Kahneman spoke for two hours in his characteristic tone, an amazing combination of blunt pessimism, wisdom, and insight into how we interpret the world.
Here are a few of his thoughts.
On persistence: “When I work I have no sunk costs. I like changing my mind. Some people really don’t like it but for me changing my mind is a thrill. It’s an indication that I’m learning something. So I have no sunk costs in the sense that I can walk away from an idea that I’ve worked on for a year if I can see a better idea. It’s a good attitude for a researcher. The main track that young researchers fall into is sunk costs. They get to work on a project that doesn’t work and that is not promising but they keep at it. I think too much persistence can be bad for you in the intellectual world.”
On the benefits of groups: “I’m a skeptic about people’s ability to improve their own thinking or to get control over their own intuition. It can be done but it’s very difficult. But I’m really optimistic about the potential for institutions and organizations to improve themselves, because they have procedures and they think slowly. They can have control over the way they interpret things. They can ask questions about the quality of evidence. Thinking about how to improve the decision-making in organizations is a challenge that I think we’re up to. This is something that can be done.”
On empathy: “There have been many experiments in which you bring together Palestinians and Israelis and good things happen between them. You just bring them together. But it’s an artificial construction. It’s very difficult to turn that into a massive thing. It is absolutely true that when you put together strangers in a positive atmosphere that good things are going to happen. They are going to find that they are more like the other than they were inclined to believe earlier. They’re going to recognize each other’s humanity. Lots of good things happen when people are in close contact. But it’s extraordinarily difficult to generate that in a big way.”
On flip-flopping: “Ideas become part of who we are.
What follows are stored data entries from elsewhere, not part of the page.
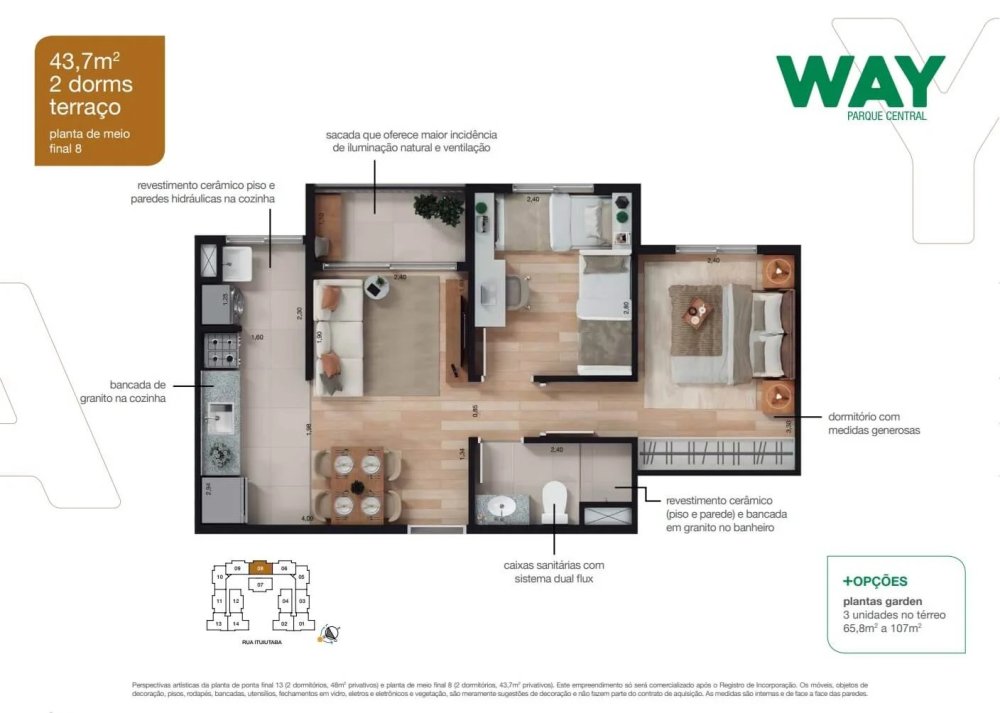 Com um total de 191 unidades distribuídas em 14 andares, este condomínio se destaca pela sua infraestrutura completa e design inteligente. Cada apartamento possui uma área privativa de 45.43m², perfeitamente distribuídos em 2 dormitórios aconchegantes, 1 banheiro moderno, 2 salas espaçosas e 1 vaga de garagem.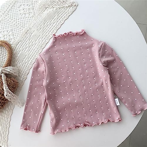 Little Girls Cute Polka Dot Blouse Long Sleeve Wooden Ear Edge Round Neck Shirts for Casual Trendy Birthday Clothes for Kids 4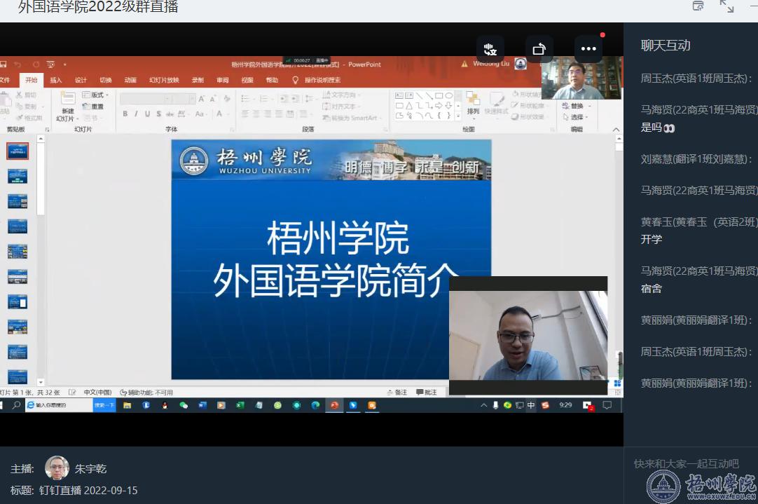 为切实做好2022级新生入学教育,更深入了解学院风采和专业特色,9月15日上午,外国语学院在钉钉举行了2022级新生线上见面会暨“开学第一课”。学院班子成员、学院各办公室主任、新生班主任、辅导员及2022级全体本科生参加。见面会由学院党委书记朱宇乾主持。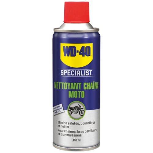 Le nettoyant chaïne moto, Specialist de 400 mL de la marque WD40 est un dégraissant dispersible dans l'eau conçu pour solubiliser les graisses et les huiles récentes, oxydées ou anciennes. Adapté pour être ensuite rincé à l'eau froide. Il ramollit et solubilise toutes les huiles et les graisses. Rapide et facile à rincer. Il s'applique sur les surfaces métalliques, les plastiques rigides thermodurcissables et toutes les applications mécaniques.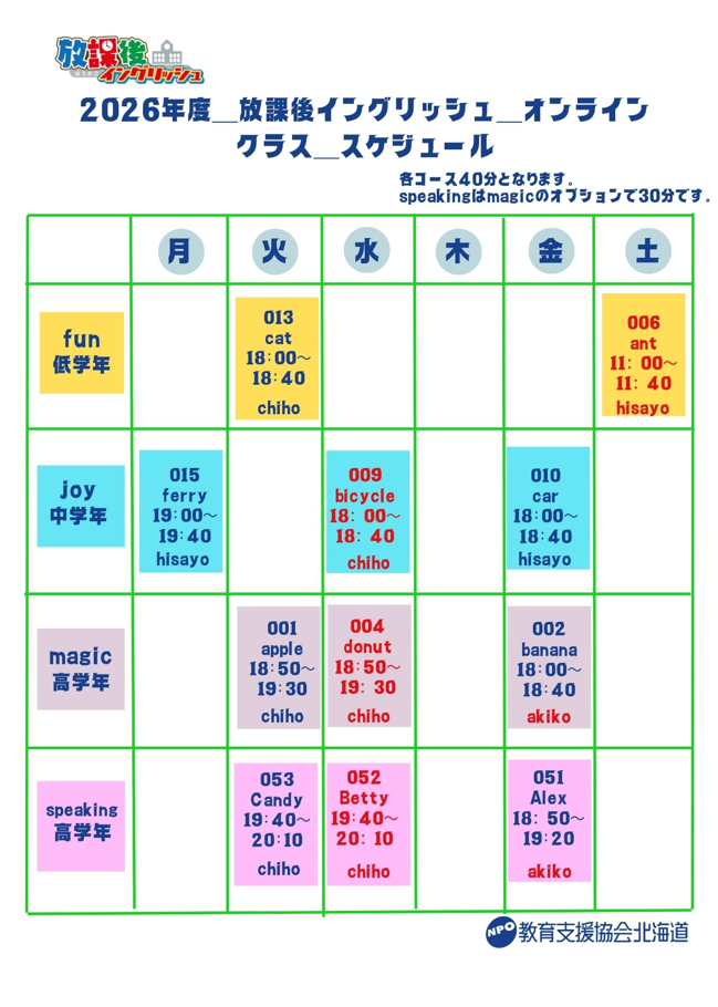放課後活動参加者の諸手続き・スケジュール確認ページです

People get invested in their ideas, especially if they get invested publicly and identify with their ideas. So there are many forces against changing your mind. Flip-flopping is a bad word to people. It shouldn’t be. Within sciences, people who give up on an idea and change their mind get good points. It’s a rare quality of a good scientist, but it’s an esteemed one.”
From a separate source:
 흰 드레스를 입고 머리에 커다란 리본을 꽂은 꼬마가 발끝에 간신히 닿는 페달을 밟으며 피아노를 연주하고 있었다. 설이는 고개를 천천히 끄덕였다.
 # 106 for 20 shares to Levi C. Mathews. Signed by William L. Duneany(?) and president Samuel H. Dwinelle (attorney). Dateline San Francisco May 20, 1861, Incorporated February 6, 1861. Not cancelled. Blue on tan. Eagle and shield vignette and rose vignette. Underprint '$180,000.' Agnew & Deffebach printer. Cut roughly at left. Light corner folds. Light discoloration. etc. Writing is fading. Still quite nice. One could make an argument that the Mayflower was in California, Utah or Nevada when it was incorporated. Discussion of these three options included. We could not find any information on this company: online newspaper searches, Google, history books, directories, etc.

On collaborations: “One of the quotes attributed to [his late partner] Amos Tversky is, ‘The world is not kind to collaboration.’ That’s an interesting phrase. What he meant by that is when people look at a joint project, they are very curious about ‘who did it.’ The assumption is that one person did it.
But neither of us could have done what we did by ourselves. We had two people who were both quite good, but our joint work is clearly superior to anything we could have done alone. And yet, either one of us could talk about our work and it sounded as if we had done it alone. It didn’t sound as if we needed somebody else. Amos said, ‘I talk to people about our joint work and people don’t think I need anybody else.’ So there is a problem of how to treat collaborations and how to foster them. Quite often the actions of the environment are destructive to collaborations. The urge is to allocate credit and to single out people and not treat collaborations as units. If Michael Lewis’s book makes people think about the value of collaborations it would be useful.”
On education changing thinking: “There are studies showing that when you present evidence to people they get very polarized even if they are highly educated. They find ways to interpret the evidence in conflicting ways. Our mind is constructed so that in many situations where we have beliefs and we have facts, the beliefs come first. That’s what makes people incapable of being convinced by evidence. So education by itself is not going to change the culture. Changing critical thinking through education is very slow and I’m not very optimistic about it.”
Asked if he could comment on brain trauma. “No, because I don’t know anything about it and I strongly believe people should stay in their own lanes when giving opinions.”
On where the world is going: “People in their 30s know where the world is going because they’re going to do it. I’m in my 80s so I have no idea.”